= Helium star =

Blue star with strong helium lines

A helium star is a class O or B star (blue), which has extraordinarily strong helium lines and weaker than normal hydrogen lines, indicating strong stellar winds and a mass loss of the outer envelope. Extreme helium stars (EHe) entirely lack hydrogen in their spectra. Pure helium stars lie on or near a helium main sequence, analogous to the main sequence formed by the more common hydrogen stars.

==Terminology==
Previously, a helium star was a synonym for a B-type star, but this use of for the term is considered obsolete.

A helium star is also a term for a hypothetical star that could occur if two helium white dwarfs with a combined mass of at least 0.5 solar masses merge and subsequently start nuclear fusion of helium, with a lifetime of a few hundred million years. This may only happen if these two binary masses share the same type of envelope phase. It is believed this is the origin of the extreme helium stars.

==Description==
The helium main sequence is a line in the HR diagram where unevolved helium stars lie. It lies mostly parallel and to the left (i.e. higher temperatures) of the better-known hydrogen main sequence, although at high masses and luminosities it bends to the right and even crosses the hydrogen main sequence. Therefore, pure helium stars have a maximum temperature, between about 100000 K and 150000 K depending on metallicity, because high luminosity causes dramatic inflation of the stellar envelope.

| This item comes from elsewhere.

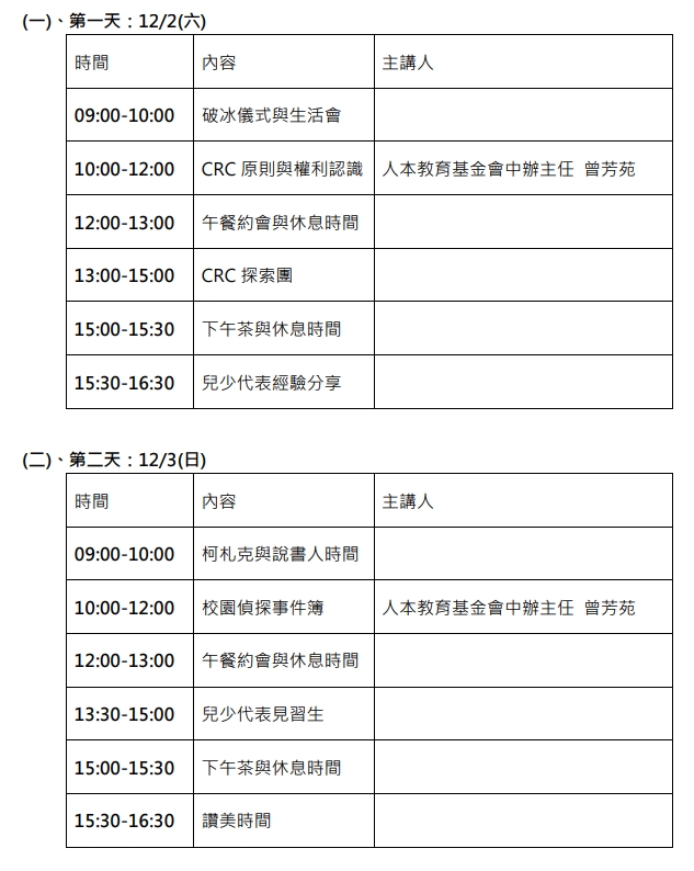 12/2-3 連江縣兒少培力工作坊 --閱讀人次 : 649 1.時間 : 112年12月2日(六)至3日(日)

Helium stars' great capability of transforming into other stellar objects has been observed over recent years since they were first identified. The blue progenitor system of the supernova type Iax SN 2012Z in the spiral galaxy NGC 1309 is similar to the progenitor of the Galactic helium nova V445 Puppis, suggesting that SN 2012Z was the explosion of a white dwarf accreting from a helium-star companion. It is observed to have caused a growing helium star that has the potential to transform into a red giant after losing its hydrogen envelope in the future.